I humbly recommend Lua, not only because it's a great, fast language, already integrated with web servers, but also because you can then exploit OSBF-Lua, an existing spam filter that has won spam-filtering competitions for several years in a row. Fidelis Assis and I have put in a lot of work trying to generalize the model beyond email, and we'd be delighted to work with you on integrating it with your app, which is what Lua was designed for.

As for scaling, in training mode we process hundreds of emails per second on a 2006 machine, so that should work out pretty well even for a busy web site.

We'd need to work with you on classifying stuff without mail headers, but I've been pushing in that direction already.

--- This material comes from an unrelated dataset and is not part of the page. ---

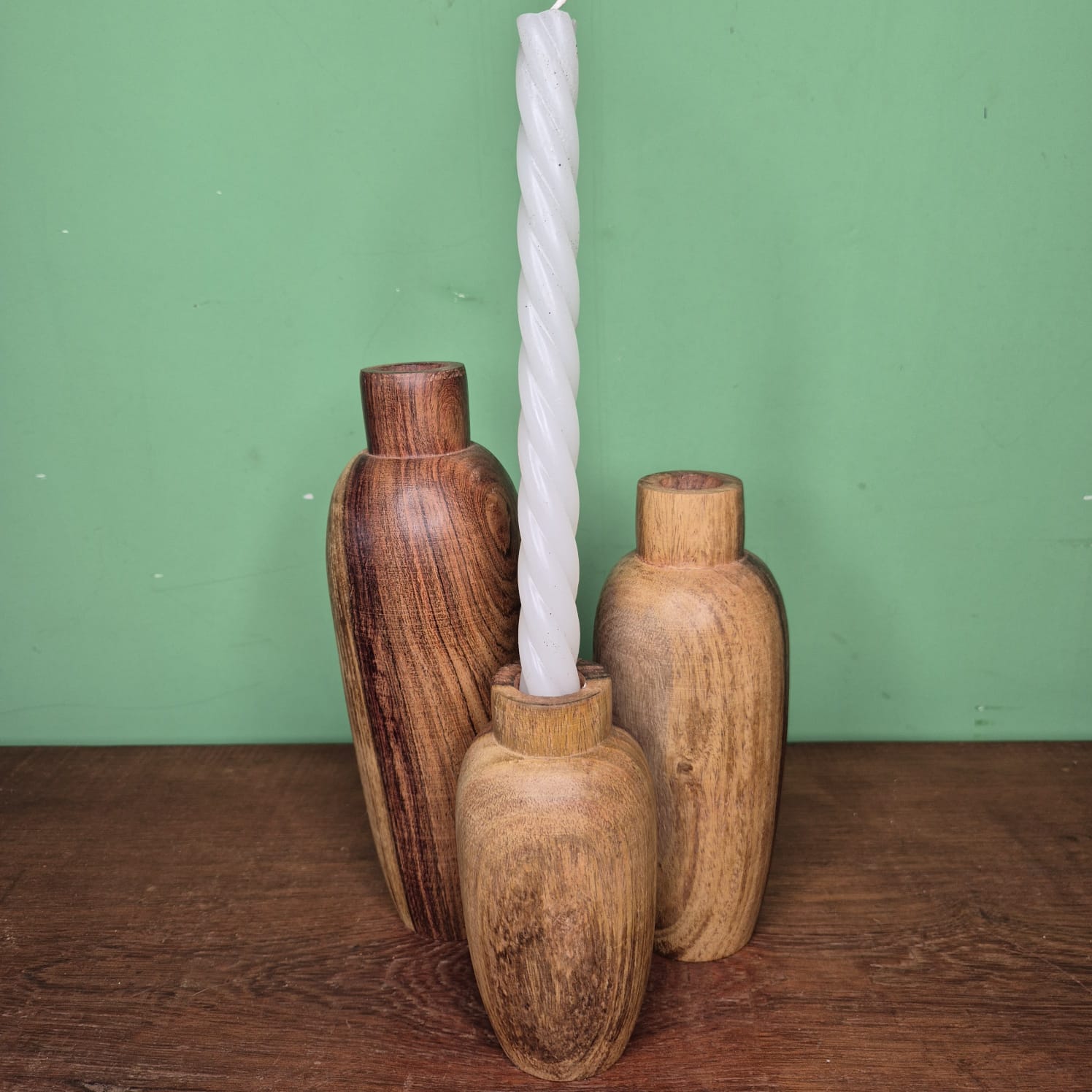 Castiçal produzido na madeira em detalhes.

For more info please write [email protected]. (Yes, I want people to send me spam. It's for research!)

Norman Ramsey
+1  A: 

I'd have to recommend Akismet for it's ease-of-use and high accuracy. With only a WordPress.com API key and an API call, you can determine if a given blob of text from a user is spammy. I've been using the Akismet plugin for WordPress, which uses the same API, and have had stellar results with it for the last year or so.

Zend Framework has a great Akismet PHP class you can use independent of the rest of the framework, which should make integration pretty straightforward. Documentation is quite thorough, as well.